A lectionary is simply a list of Bible readings on a schedule. Some lectionaries included Scripture for each day of the week, others for Sundays only.
I follow the Revised Common Lectionary which is available on Logos Bible Software and is also available here. There are several things to note:
- There are three years of readings, and each year is identified as year “A” “B” or “C”. We are currently in year C.
- Each lectionary year begins with the first Sunday in Advent. So year “A” will begin the new year on November 27th, 2022.
- Each lectionary reading for a week includes an Old Testament Reading, a Psalm, a New Testament reading and a reading from a Gospel. After the Resurrection is celebrated, the Old Testament reading is substituted with another New Testament reading. This continues until Pentecost, eight weeks after Easter.
- The lectionaries are used by Anglican and Roman Catholic denominations, so it includes the Apocrypha. But the Apocrypha is not Scripture and should not be given the same respect, honour, and heed as Scripture, so I never use it. Whenever a book from the Apocrypha is listed, there is always a reading from the Bible suggested too.
-
Some lectionary readings omit a few verses to either shorten the reading, or to remove readings that are too controversial or difficult.
-
For example, the Old Testament reading for January 26th, 2022 was Nehemiah 8:1-3, 5-6, 8-10. Why were verses 4 and 7 omitted? Here they are:
“And Ezra the scribe stood on a wooden platform that they had made for the purpose. And beside him stood Mattithiah, Shema, Anaiah, Uriah, Hilkiah, and Maaseiah on his right hand, and Pedaiah, Mishael, Malchijah, Hashum, Hashbaddanah, Zechariah, and Meshullam on his left hand.” (Nehemiah 8:4, ESV)
“Also Jeshua, Bani, Sherebiah, Jamin, Akkub, Shabbethai, Hodiah, Maaseiah, Kelita, Azariah, Jozabad, Hanan, Pelaiah, the Levites, helped the people to understand the Law, while the people remained in their places.” (Nehemiah 8:7, ESV)
These are admittedly difficult to read, but it is the responsibility of the reader to learn their pronunciations, practise them, and read them.
-
A second reason some passages are left out is more troubling to me—modern lectionaries tend to avoid “hard sayings” and passages of judgement. On Sunday, March 13th, 2022 the reading is listed as, Genesis 15:1-12 and 17-18, but the complete reading should be Genesis 15:1-21. What is left out?
“Then the Lord said to Abram, “Know for certain that your offspring will be sojourners in a land that is not theirs and will be servants there, and they will be afflicted for four hundred years. But I will bring judgment on the nation that they serve, and afterward they shall come out with great possessions. As for you, you shall go to your fathers in peace; you shall be buried in a good old age. And they shall come back here in the fourth generation, for the iniquity of the Amorites is not yet complete.”” (Genesis 15:13–16, ESV)

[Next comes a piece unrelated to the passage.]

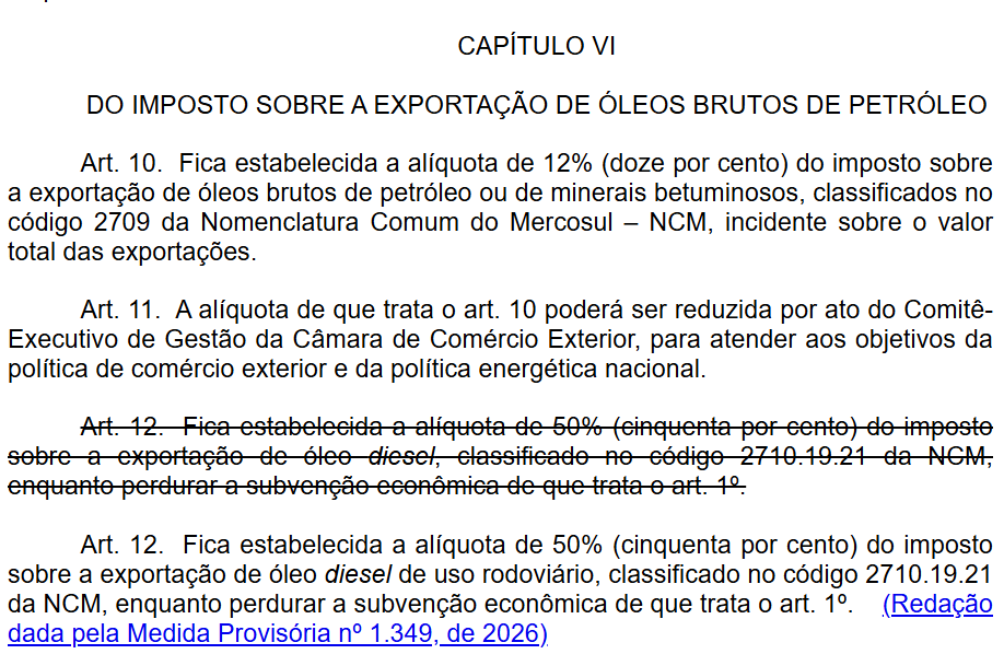 - Art. 10. Fica instituída a alíquota do Imposto de Exportação incidente sobre as operações de exportação de óleo bruto de petróleo ou de minerais betuminosos, classificados no código 2709 da Nomenclatura Comum do Mercosul – NCM, fixada em 12% (doze por cento).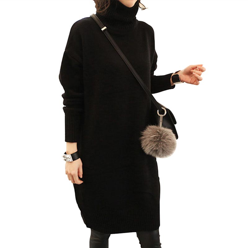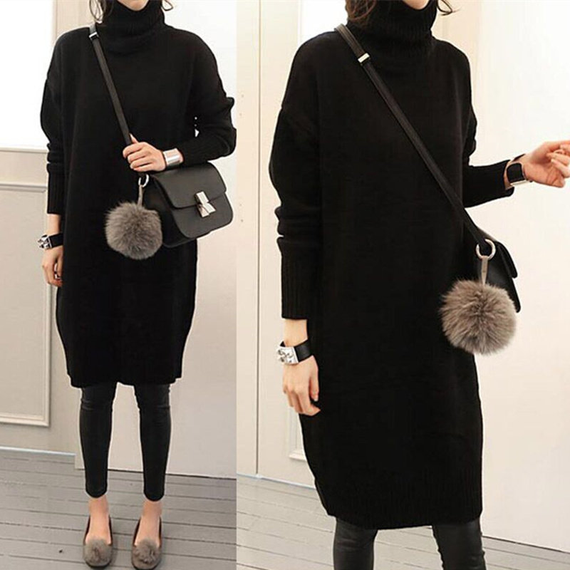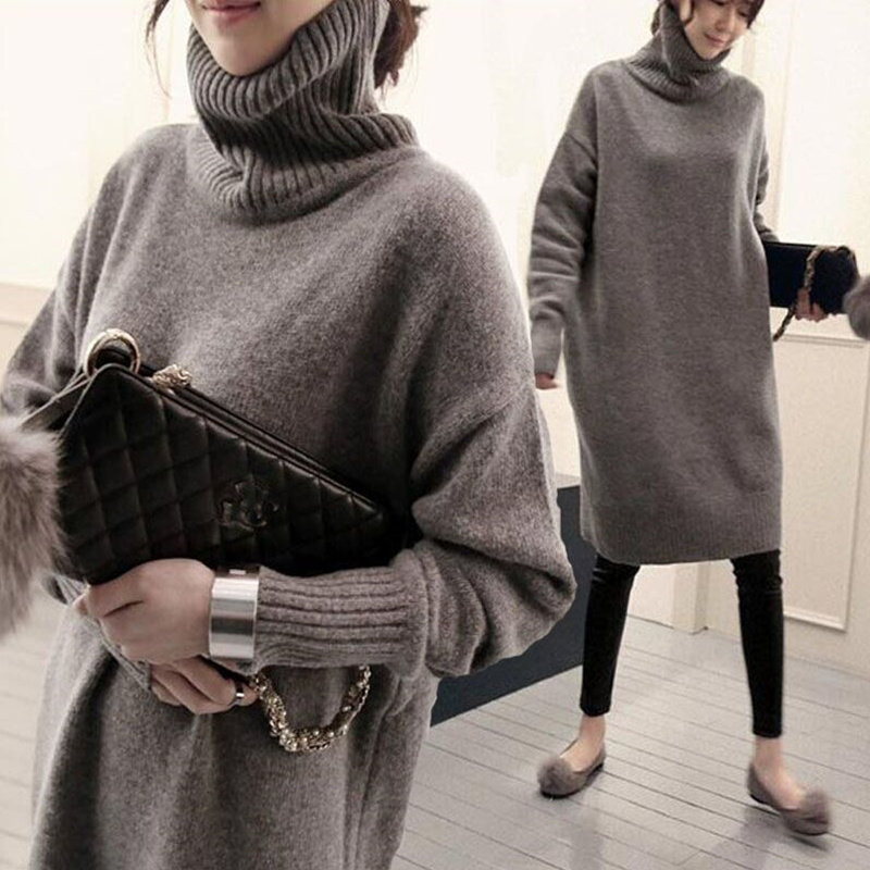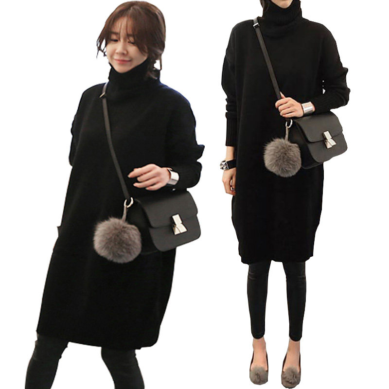 Pregnant women sweaters Long version of the long version of autumn and winter clothes loose Korean version gestation woman dress with large size and high collar thickened needling cardiovert

“the land of the Kenites, the Kenizzites, the Kadmonites, the Hittites, the Perizzites, the Rephaim, the Amorites, the Canaanites, the Girgashites and the Jebusites.”” (Genesis 15:19–21, ESV)
These are clearly passages that speak of God’s judgement upon the nations, which although is historical fact and God’s right to do so, is troubling in modern times.
It is my policy to always read the full reading so as not to diminish or lessen the impact of God’s Word.
-
- I make some adjustments for holidays throughout the year. The most notable one is Thanksgiving, which is celebrated in November in the US and October in Canada. The Revised Common Lectionary follows the US pattern.
- It should be remembered that God’s Word, the Bible, is Scripture: it is inerrant, infallible, authoritative, and sufficient. The reading schedule is human, and can be adjusted without guilt.
One of the greatest advantages of following a lectionary is it forces the preacher to read texts that they might otherwise never read in public. I am also well-aware that for many Christians, these Bible passages will be the only Bible heard or read in their week.